» GIVEN INFORMATION
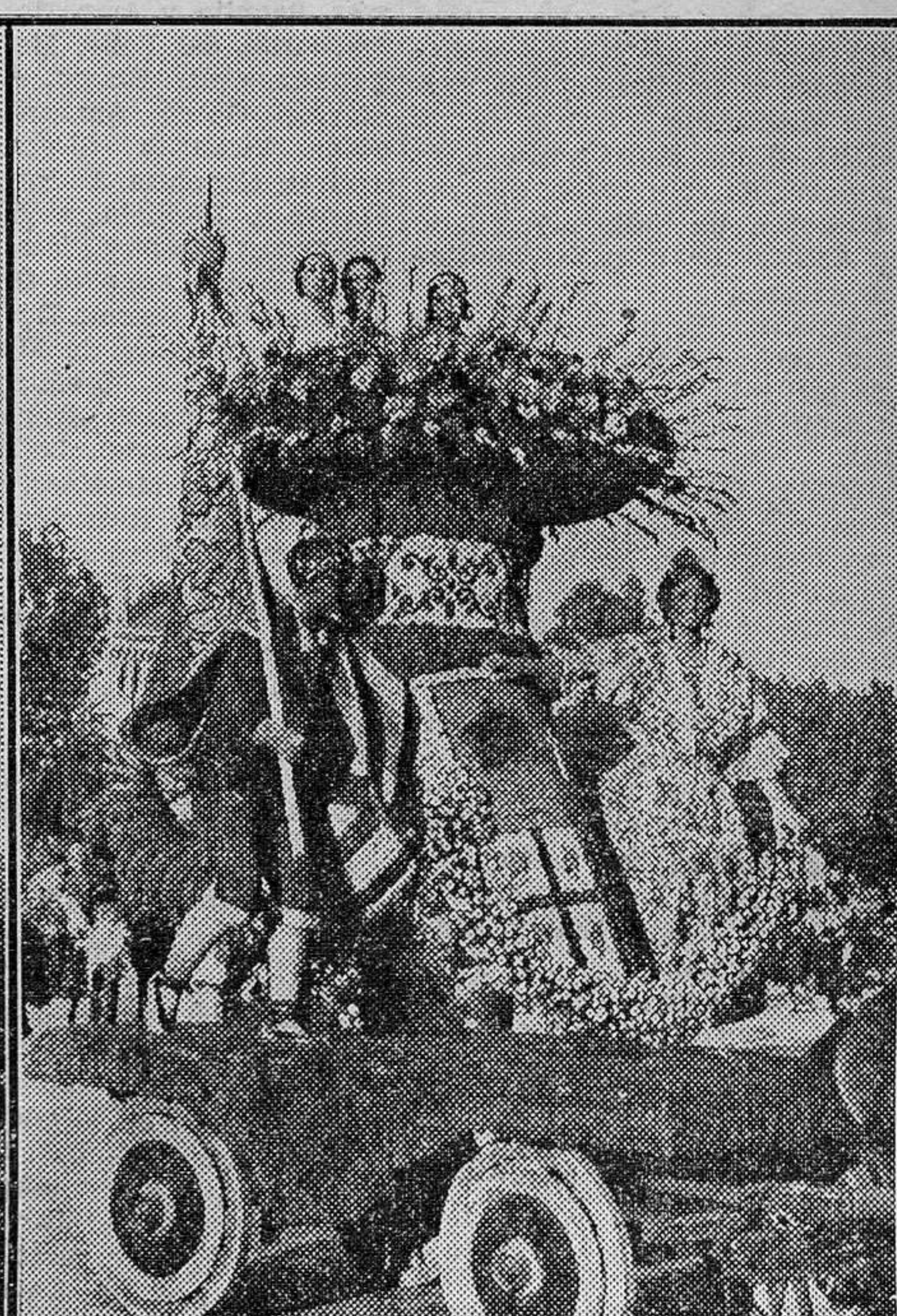
Primer premio, del excelentísimo señor presidente de la República, a la carroza del Círculo de Bellas Artes
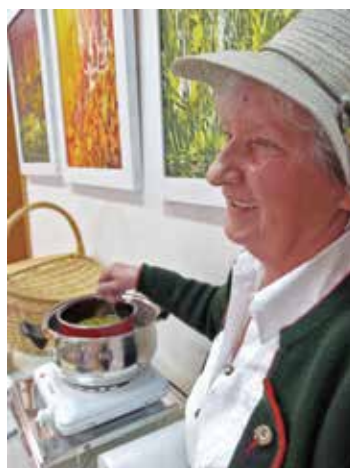
Izdelovanje kamilične kreme
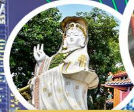
เจ้าแม่กวนอิม รัชพลส์ เบย์
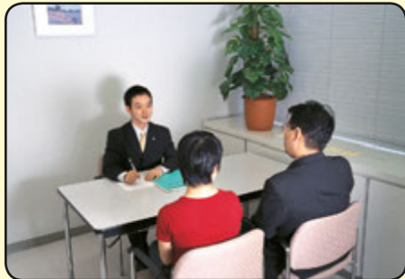
少年・保護者に対する面接調査（イメージ）

家庭裁判所調査官は、心理学、教育学などの専門知識をいかして、少年や保護者、その他の関係者と面接をするなどして、非行の原因や少年の抱える問題について調査します。
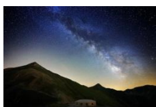
Rifugio del Fargno

Le iscrizioni dovranno pervenire entro e non oltre il 22/03/2020 e saranno valide dietro versamento della caparra di Euro 25,00. Per qualsiasi altra informazione contattare gli accompagnatori.
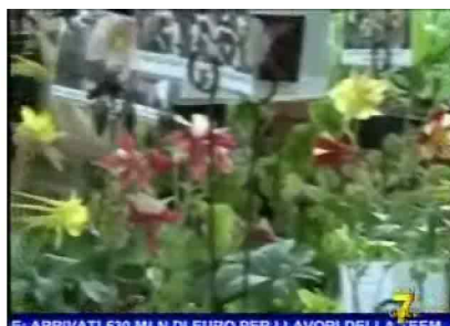
E: ARRIVATI 530 MLN DI EURO PER I LAVORI DELLA 'TEAM, I
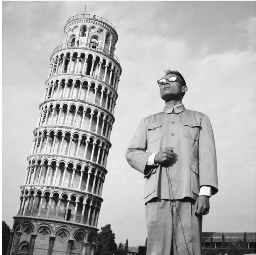
Pisa, Italy, 1989. East Meets West Self-Portrait Series 1979-1989, Tseng Kwong Chi.
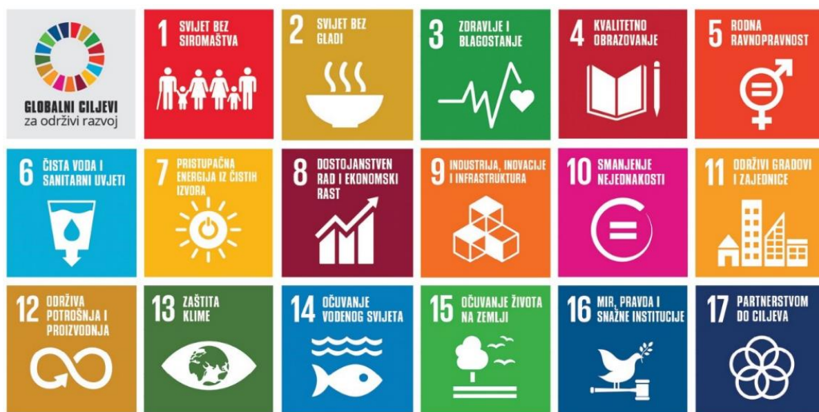
Slika 2. Globalni ciljevi održivog razvoja 2030, UN
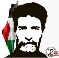
George Ibrahim Abdallah, libanais communiste, plus ancien prisonnier politique en France
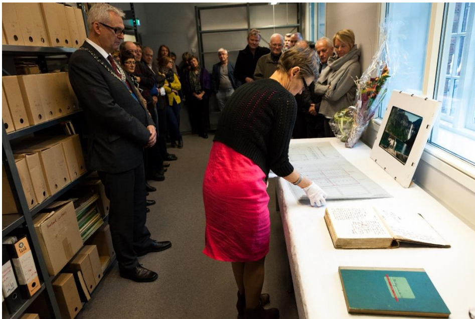
Frå ordningsrommet under opninga i 2013.

18.02.2014 vart det inngått avtale om SINDARK-prosjektet mellom Odda kommune og NVIM. Avtalen er lagt ved rapporten.
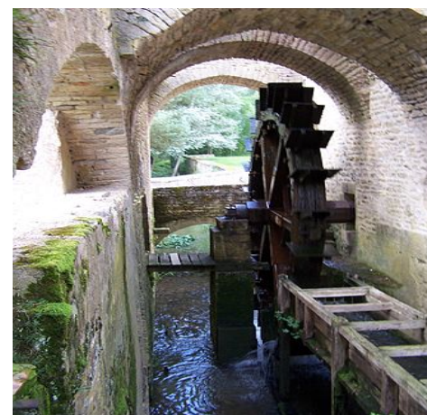
Forges de Buffon Canal d'amenée et roue à aubes

Une centaine de personnes, de Fleurey, de Dijon, et de tous les villages environnants, se sont déplacés pour cette soirée conviviale qui s'est prolongée, autour du conférencier, par un verre de l'amitié.
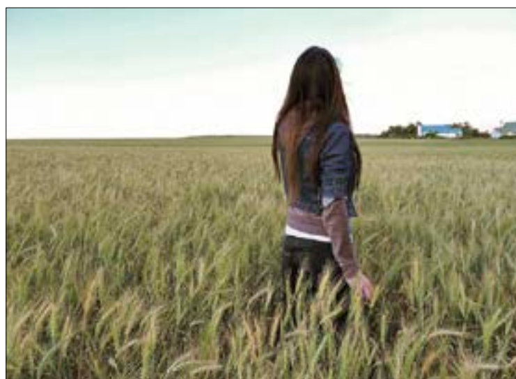
ASAJA demanda más apoyo real.

hace referencia a lo establecido en la Ley 18/2007, disponiendo los mismos beneficios que a los que se dan de alta en la Seguridad Social como familiar del titular de la explotación agraria. En la Ley 31/2015, de 9 de septiembre, por la que se modifica y actualiza la normativa en materia de autoempleo y se adoptan medidas de fomento y promoción del trabajo autónomo y de la Economía Social, se establece la reducción de cuotas a favor de los familiares del titu-
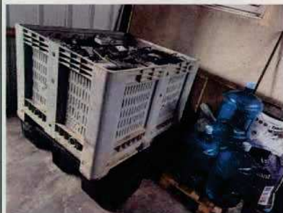
Figure 7: Batteries sur rétention

Demande à formuler à l'exploitant à la suite du constat :
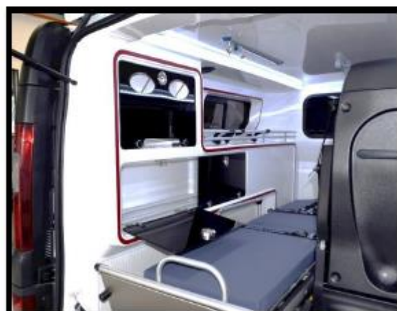
Placards fermés par des plexyglass opaques
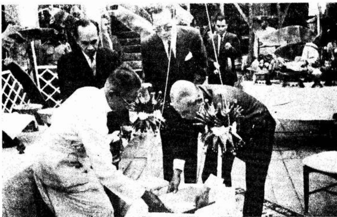
๑ พล.๑ นายกรัฐมนตรี ประกอบพิธีวางศิลาฤกษ์
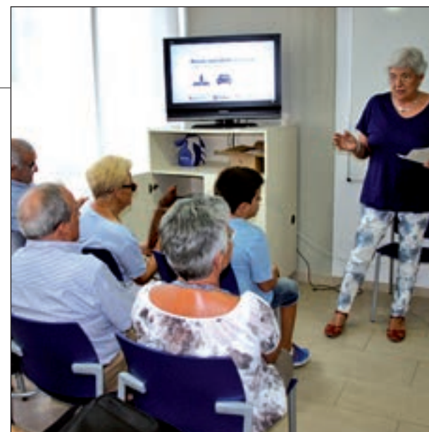
Un moment de la primera xerrada-taller.
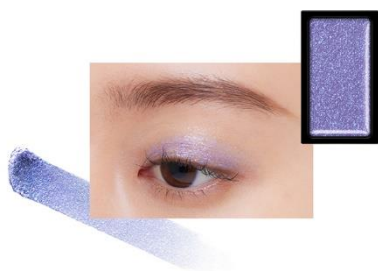
EX1 Night Pool 〈限定〉
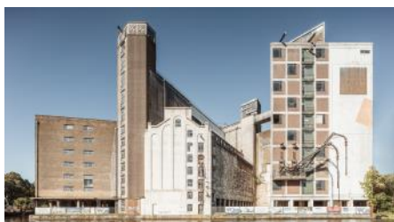
2020 De Meelfabriek - Zijlsingel _DS_006 PAN - X - 1600x2400
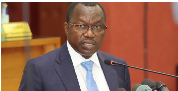
Lassané KABORE, Ministre de l'Economie, des Finances et du Plan

Au regard de la contrainte financière du moment et des nombreuses attentes légitimes des populations, les allocations budgétaires au profit des secteurs prioritaires permettront de répondre à certaines préoccupations des citoyens. Ces allocations pourraient être revues à la hausse si les niveaux de mobilisation des ressources s'améliorent en 2022.
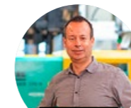
SILAC AG KUNSTSTOFFWERK, WERKZEUGBAU

Unser Unternehmen ist auf den Garten- und Sportplatzbau sowie den Unterhalt von Gartenanlagen und Sportplätzen spezialisiert. Wir bilden im nächsten Lehrjahr Gärtner/innen Landschafts- und Gartenbau EFZ aus und legen Wert darauf, jungen Menschen einen guten Einstieg ins Berufsleben zu ermöglichen.
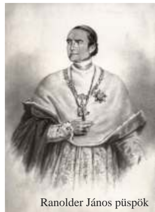
Ranolder János püspök
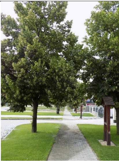
Temető előtti gyalogút, stációk melletti fasor (hrsz. 518/48.)
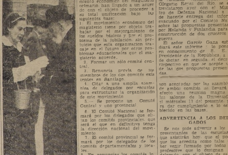
Una escena durante la colecta de ayer
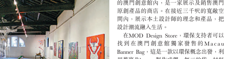
MOD Design Store 位於澳門著名地標大三巴牌坊側，旅遊文化活動中心地庫一層。
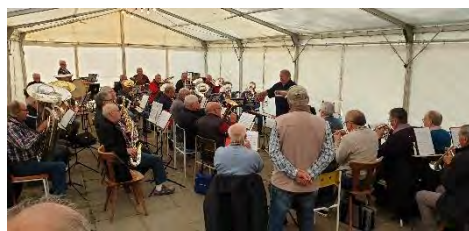
Travail et amitié, le ton est donné !

Le but de ce camp, comme chaque année, est destiné à peaufiner dans la bonne humeur le concert de la cérémonie d'ouverture de la Foire du Jura à Delémont.
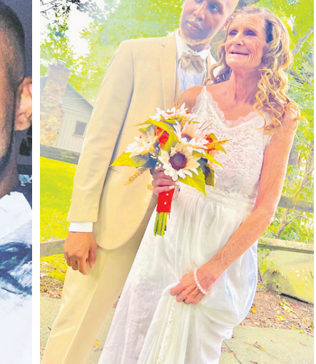
ତାହା ସମ୍ଭବ ହୋଇ ନ ଥିଲା । ଏବେ ସେମାନେ ସରୋଗେସି ମାଧ୍ୟମରେ ସନ୍ତାନ ଜନ୍ମ କରିବାକୁ ୩ ଜଣଙ୍କ ସହ କଥା ହୋଇଥିବା ଜଣାପଡ଼ିଛି ।

ମୁଖ୍ୟ: ସାଥ୍ୟ ସୁପରଷ୍ଟାର ପ୍ରତ୍ୟାସକ ୩ଟି ଫିଲ୍ମ 'ଆଦିପୁରୁଷ', 'ସାଲାର' ଏବଂ 'ପ୍ରୋଜେକ୍ଟ କେ' ଦର୍ଶକଙ୍କୁ ଆଗାମୀ ଦିନରେ ଭେଟି ଦେବାକୁ ଯାଉଛି । ହେଲେ ପ୍ରଶଂସକଙ୍କୁ ଆହୁରି ଅପେକ୍ଷା କରିବାକୁ ପଡ଼ିବ ବୋଲି ଜଣାପଡ଼ିଛି । ତାଙ୍କ ଶରୀରର ଚାପମାତ୍ରା ବଢିବା ପରେ ସେ ତାଙ୍କ ଶୁଟିଂ ବାଟିଲ କରିଛନ୍ତି । ସମ୍ପୂର୍ଣ୍ଣ ସୁସ୍ଥ ହେବା ପାଇଁ ସେ ବିଦେଶକୁ ଯିବା ସହ ଅଧିକ ସମୟ ଲାଗିବ ବୋଲି କୁହାଯାଇଛି । ସେ ଯେଉଁ ରୋଗରେ ପଡିତ ଅଛନ୍ତି, ସେ ବାବଦରେ କିଛି ତଥ୍ୟ ସାମ୍ନାକୁ ଆସିନାହିଁ । ସେ ଏକାଧିକ ପ୍ରୋଜେକ୍ଟରେ କାମ କରୁଥିବାବେଳେ ତାଙ୍କ ସାମ୍ବାଦିତ୍ରୀ ବିଚିତ୍ରାକୁ ସେ ଚିକିତ୍ସା ପାଇଁ ବିରତି ନେଇଛନ୍ତି । ତେବେ ଜୁନ୍ ୧୨ରେ ଫିଲ୍ମ 'ଆଦିପୁରୁଷ'ର ଟିକର ରିଲିଜ୍ ହୋଇଥିବାବେଳେ ତାହା ବିବାଦକୁ ଆସିଥିଲା । ସେଥିରେ ପରିବର୍ତନ କରି ଫିଲ୍ମ ରିଲିଜ୍ ହେବାକୁ ନିଷ୍ପତ୍ତି ହୋଇଥିଲା । ତେବେ ତାହା ବିଲମ୍ବ ହେବ ବୋଲି ଚର୍ଚ୍ଚା ହେଉଛି । 'ସାଲାର' ଏବଂ 'ପ୍ରୋଜେକ୍ଟ କେ'ର ଶୁଟିଂ ତାକୁ ରହିଥିବାବେଳେ ତା'ର ରିଲିଜ୍ ତାରିଖ ଘୁଞ୍ଚିବ ବୋଲି କୁହାଯାଉଛି ।
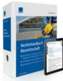
Rechtshandbuch Bauwirtschaft Ladenpreis: 217,80 EUR

» YOUR ASSIGNMENT
Across the records above, count the lines holding "moment" and reply with that number alone.

» EXERCISE RESULT
2